- Date: 13–19 May
- Edition: 4th
- Surface: Hard
- Location: Gwangju, South Korea

Champions

Singles
- Jason Jung

Doubles
- Hsieh Cheng-peng / Christopher Rungkat
| Gwangju Open |

= 2019 Gwangju Open =

The 2019 Gwangju Open was a professional tennis tournament played on hard courts. It was the 4th edition of the tournament which was part of the 2019 ATP Challenger Tour.

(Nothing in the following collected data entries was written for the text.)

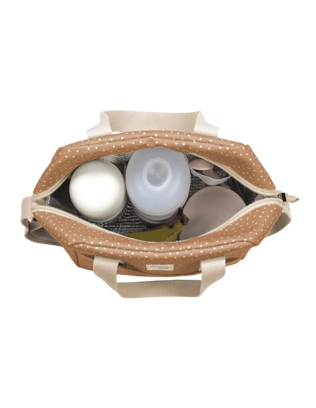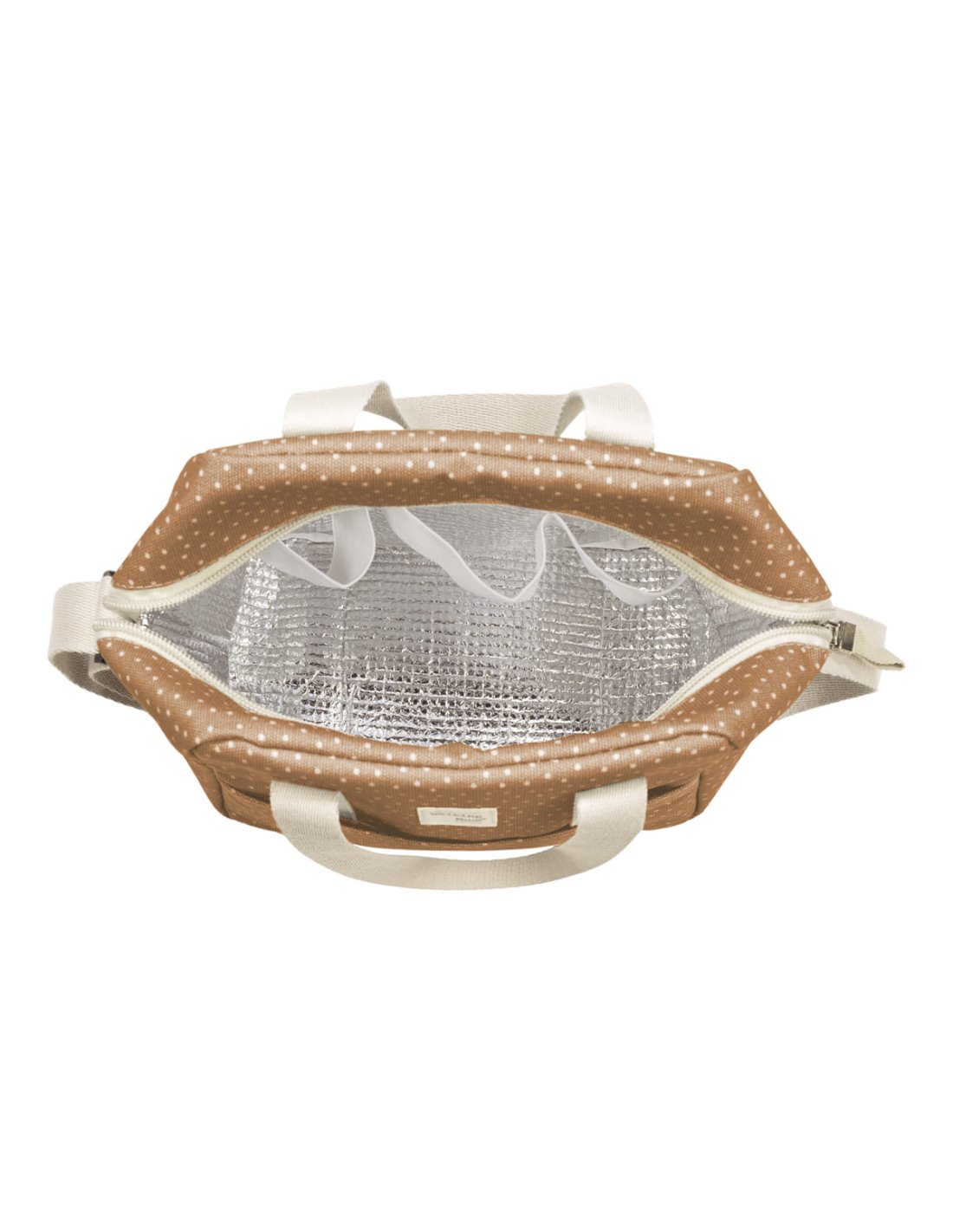 Sac isotherme pois cannelle. Garde la température pendant 4 heures. Il comprend également une longue poignée pour le suspendre à l’épaule et une poignée courte pour le tenir à la main.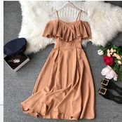 サマー ドレス リゾート リゾートワンピ シフォン ドレスワンピ ストラップ フリル スリムウエスト ラップドレス エレガント 上品 シフォ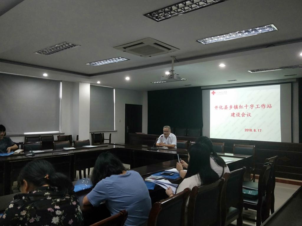 8月17日下午,开化县红十字会召开乡镇红十字工作站建设会议,各乡镇(芹阳办事处)红十字会秘书长、便民服务中心工作人员共30人参加会议。 会上,余志俊专职副会长强调了红十字工作站成立的重要性和必要性,并就下一步实施“红十字强基工程”工作进行了具体部署。 会中还专门介绍了红十字运动基本知识和开化县红十字会的基本工作,对小天使基金、天使阳光基金、康心基金等基金申请做了详细的介绍,让乡镇工作人员走进红十字,了解红十字。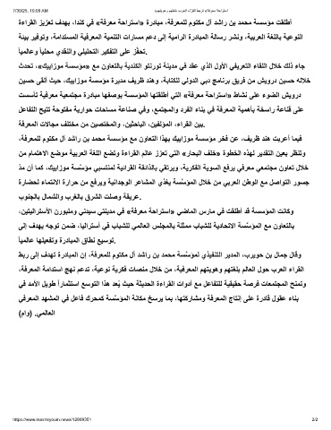 ةءارﻘﻟا زﯾزﻌﺗ فدﮭﺑ ،ادﻧﻛ ﻲﻓ «ﺔﻓرﻌﻣ ﺔﺣارﺗﺳا» ةردﺎﺑﻣ ،ﺔﻓرﻌﻣﻠﻟ موﺗﻛﻣ لآ دﺷار نﺑ دﻣﺣﻣ ﺔﺳﺳؤﻣ تﻘﻠطأ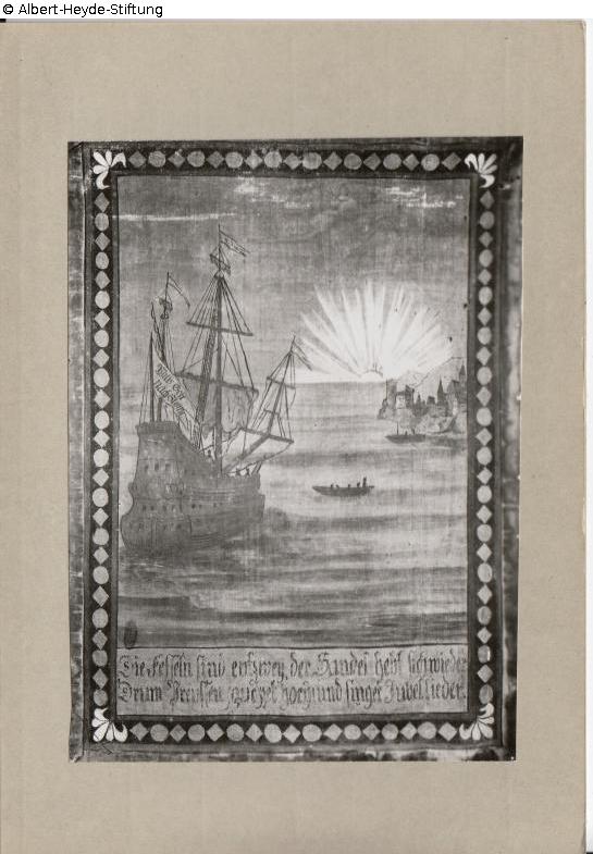 Panel painting in paper frame: Arrival of an allegorical sailing ship (galleon) before a radiant rising sun. Motto on the flag at the stern: ‘Wills Gott nach Stettin’. Below the scene is the caption: „Die Fesseln sind entzwey, der Handel hebt sich wieder. / Drum Preussen jauchzet hoch und singet Jubellieder.“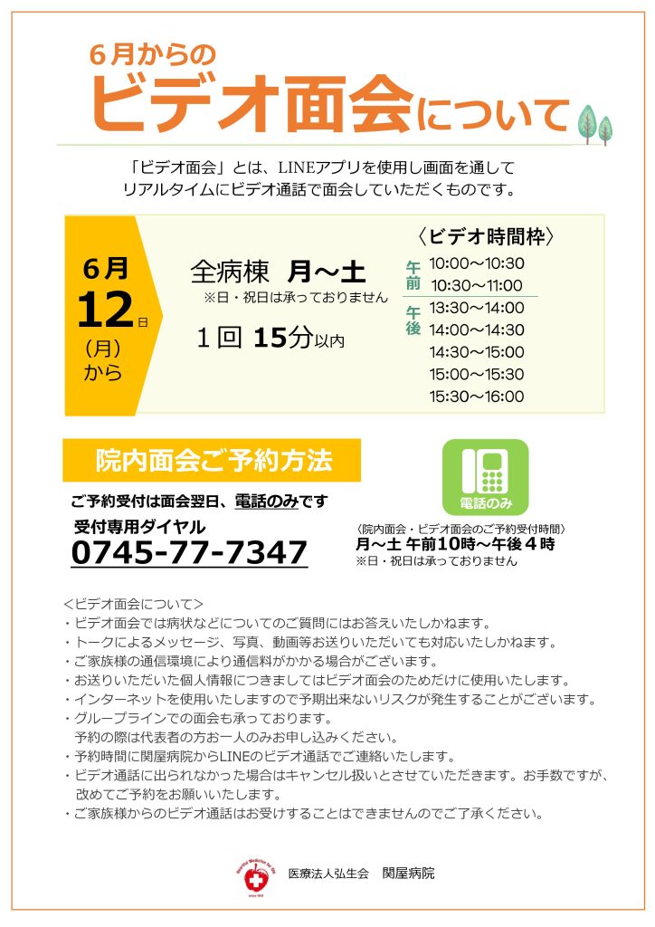 ビデオ面会の予約受付内容を、一部変更いたします。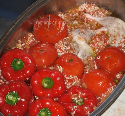 Finom lett, de nekem már nagyon hiányzanak azok a nagyon nagy és leves, túlérett, illatos nyári paradicsomok, így tavaszig nem készítek több ilyet. A paprika a piros, vastag héjúból volt, ide is tetszett volna ha bekerül 1-2 mezei zöld is. Azért a 10 ujjunkat megnyaltuk utána:) Nyafogós fiam részére 2 csirkecomb is került a tepsibe és melléje a töltelék csak úgy magában -ezt is most próbáltam először. Jó lett, de akinek készült, továbbra sem ette a rizst, csak a húst, így a műtét sikerült, a beteg elpatkolt szerű volt a mai alkotásom.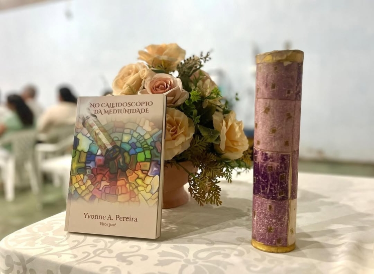 Após a palestra aconteceu o lançamento do livro NO CALEIDOSCÓPIO DA MEDIUNIDADE, do espírito Yvone do Amaral Pereira, psicografado poer ele, Vitor José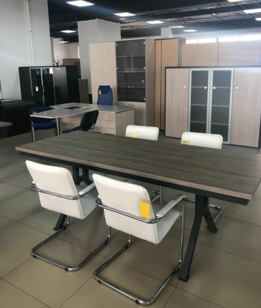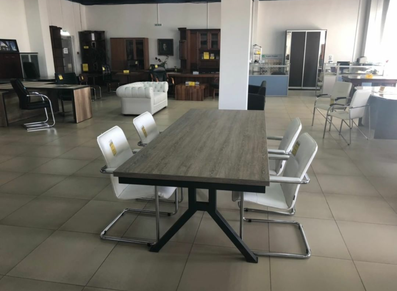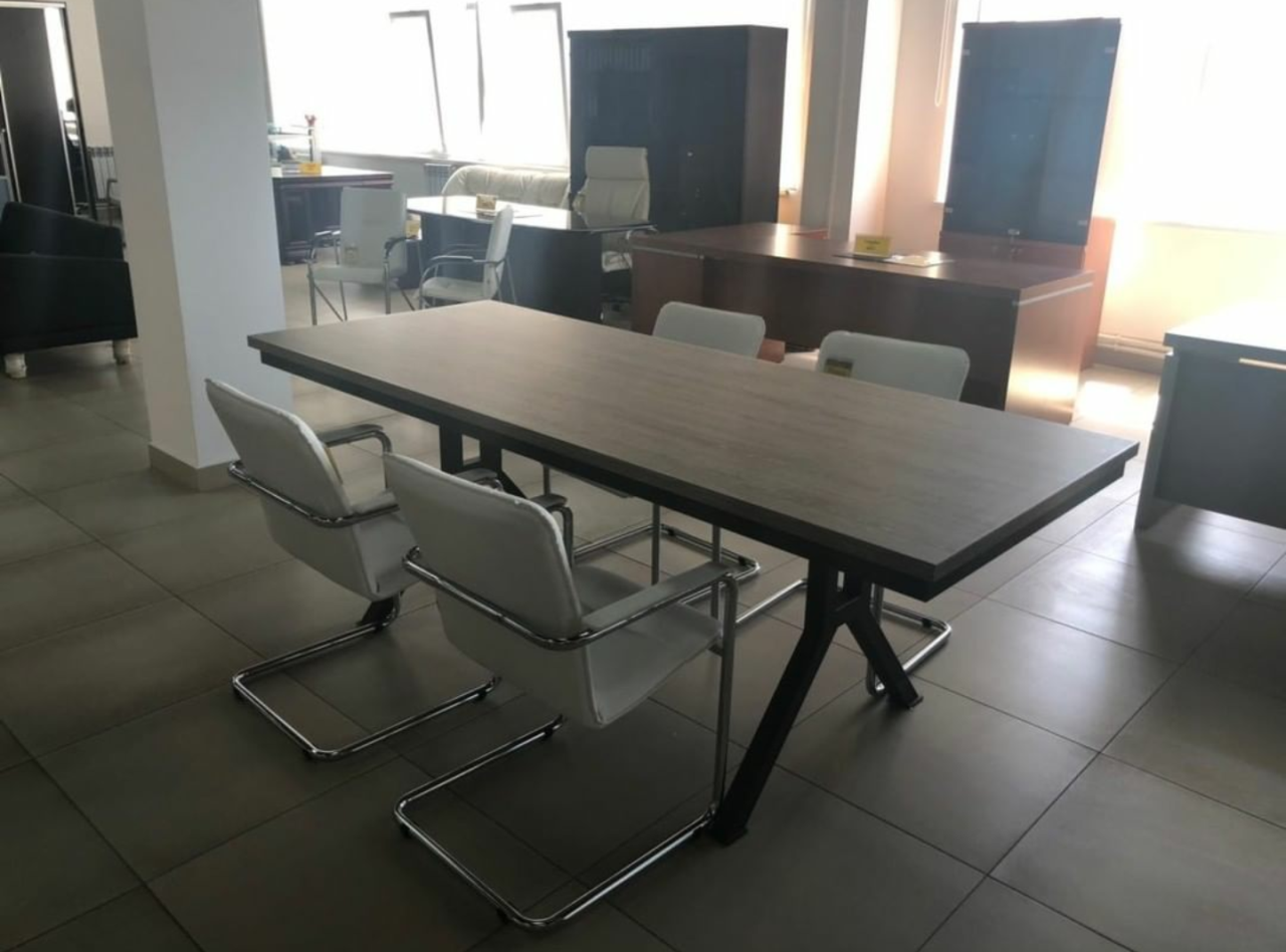 Стильный и изящный стол «Флидвуд» для зоны переговоров на металлокаркасе, разнообразит и дополнит интерьер, подчеркнет рабочую строгость.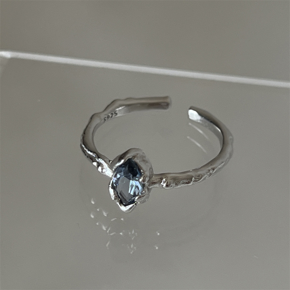 Light Luxury Cold Tone Index Ring, Natural Colorful Gem & Zircon Design, Fashion Adjustable Couple Rings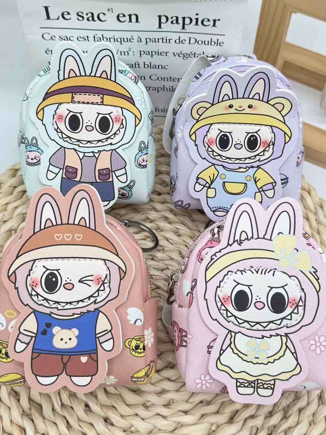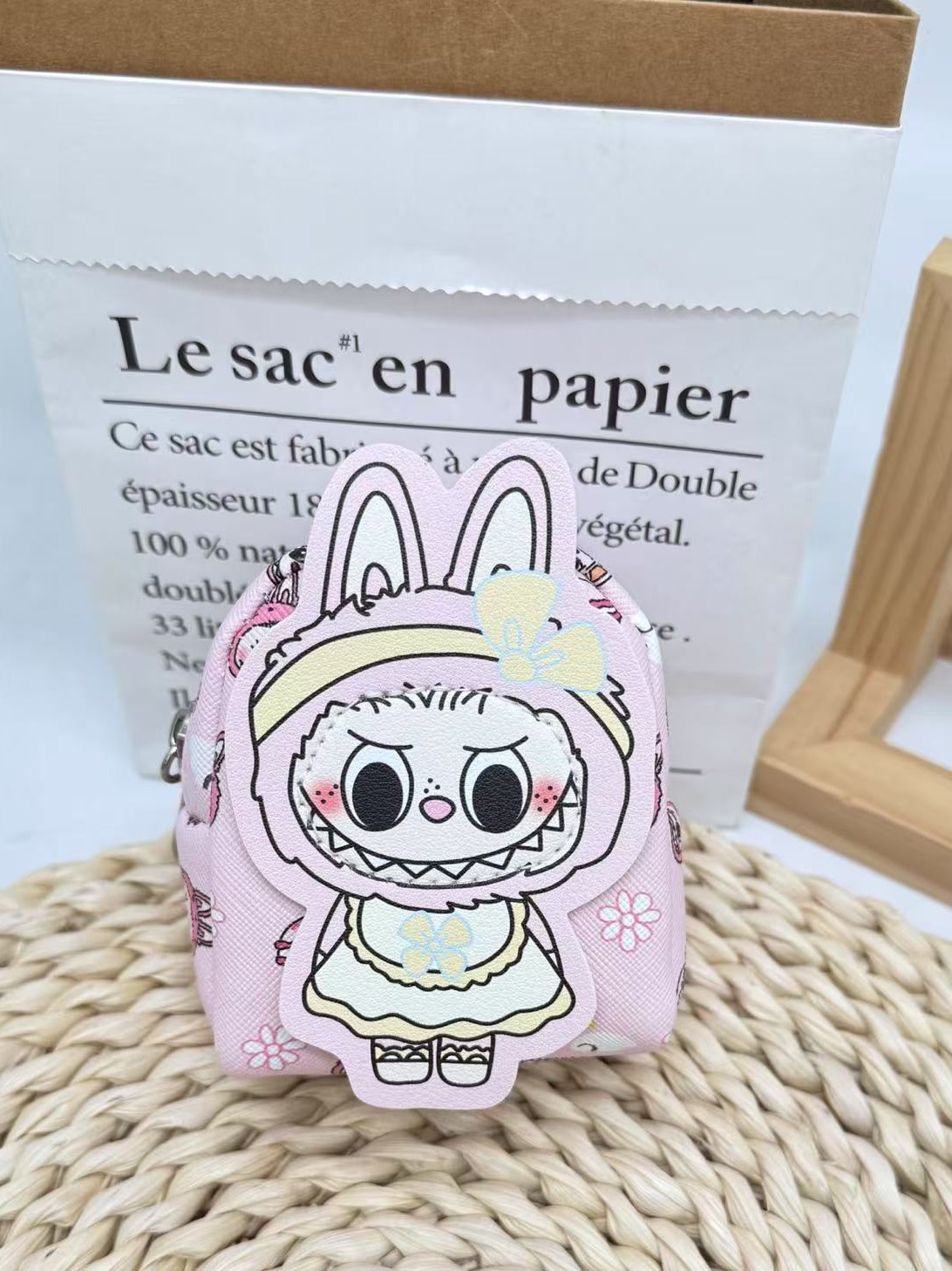 라부부 귀여운 만화 동전 지갑 미니 가죽 가방 열쇠고리 수납 가방 펜던트 예쁜 미니 숄더백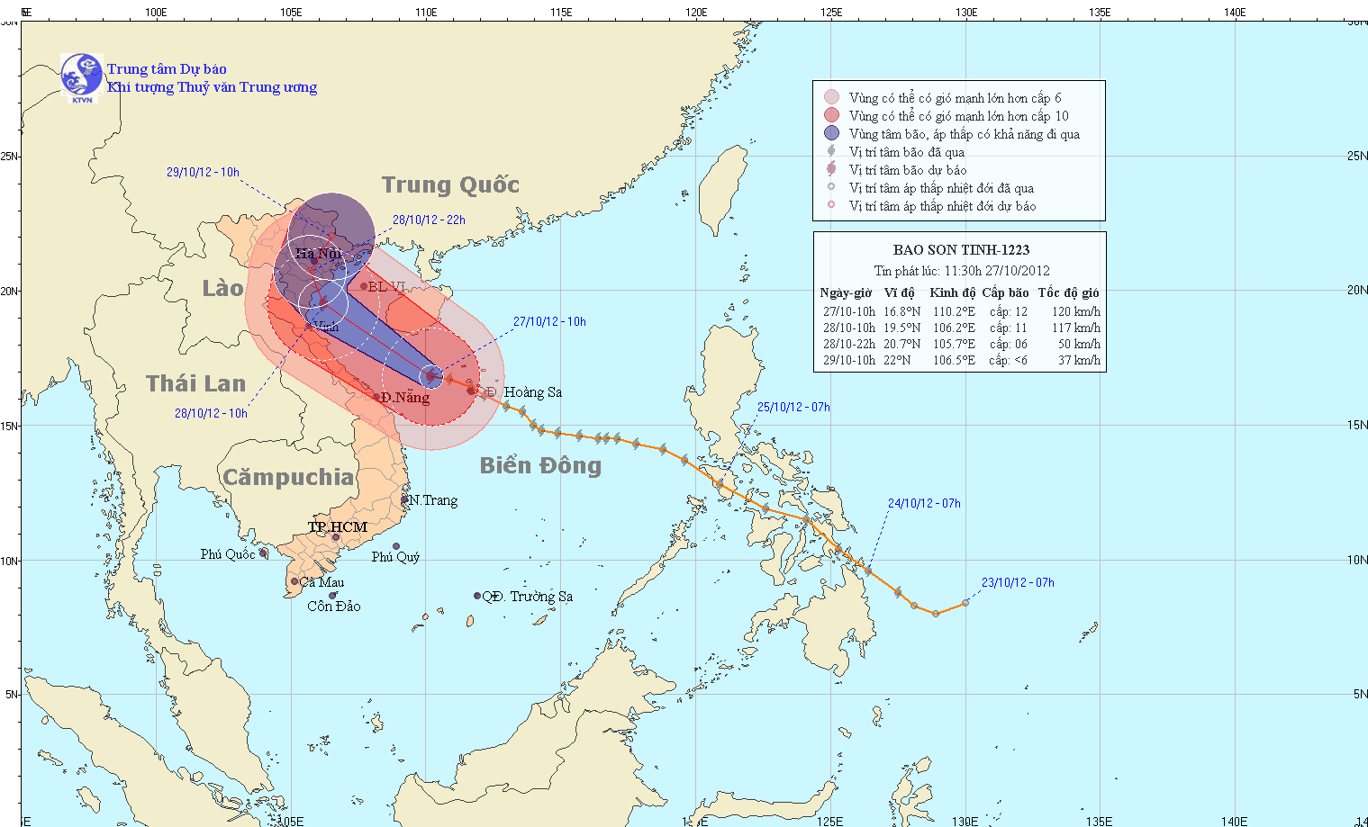 Hồi 10 giờ ngày 27/10, vị trí tâm bão ở vào khoảng 16,8 độ Vĩ Bắc; 110,2 độ Kinh Đông, trên khu vực phía Tây Bắc quần đảo Hoàng Sa, cách bờ biển các tỉnh Thừa Thiên Huế - Quảng Nam khoảng 220 km về phía Đông Đông Bắc. Sức gió mạnh nhất ở vùng gần tâm bão mạnh cấp 12 (tức là từ 118 đến 133 km một giờ), giật cấp 13, cấp 14.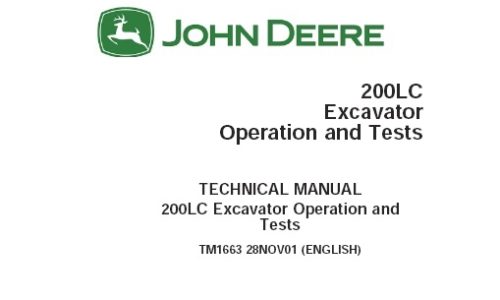 Download Complete Operation and Test Technical Manual for John Deere 200LC Excavator. Part No. TM1663 28NOV01 (ENGLISH) This Factory Operation and Test Service Manual offers all the service and repair …

It took place in Gwangju, South Korea between 13 and 19 May 2019.

==Singles main-draw entrants==

===Seeds===

| Country | Player | Rank^{1} | Seed |
|---|---|---|---|
| LTU | Ričardas Berankis | 95 | 1 |
| UKR | Sergiy Stakhovsky | 114 | 2 |
| CAN | Brayden Schnur | 117 | 3 |
| RUS | Evgeny Donskoy | 128 | 4 |
| TPE | Jason Jung | 129 | 5 |
| KOR | Kwon Soon-woo | 135 | 6 |
| SVK | Lukáš Lacko | 151 | 7 |
| JPN | Tatsuma Ito | 160 | 8 |
| BEL | Ruben Bemelmans | 163 | 9 |
| JPN | Yūichi Sugita | 181 | 10 |
| AUS | Max Purcell | 236 | 11 |
| ISR | Dudi Sela | 239 | 12 |
| CHN | Li Zhe | 243 | 13 |
| JPN | Kaichi Uchida | 245 | 14 |
| KOR | Lee Duck-hee | 247 | 15 |
| IND | Saketh Myneni | 248 | 16 |

- ^{1} Rankings as of 6 May 2019.

===Other entrants===
The following players received wildcards into the singles main draw:
- KOR Hong Seong-chan
- KOR Lee Jea-moon
- KOR Na Jung-woong
- KOR Nam Ji-sung
- KOR Son Ji-hoon

The following players received entry into the singles main draw using their ITF World Tennis Ranking:
- CHN Bai Yan
- JPN Shintaro Imai
- KOR Kim Cheong-eui
- RUS Konstantin Kravchuk
- JPN Rio Noguchi

The following players received entry as alternates:
- JPN Yusuke Takahashi
- CHN Xia Zihao

The following players received entry from the qualifying draw:
- TPE Hsieh Cheng-peng
- KOR Song Min-kyu

==Champions==

===Singles===

- TPE Jason Jung def. ISR Dudi Sela 6–4, 6–2.

===Doubles===

- TPE Hsieh Cheng-peng / INA Christopher Rungkat def. KOR Nam Ji-sung / KOR Song Min-kyu 6–3, 3–6, [10–6].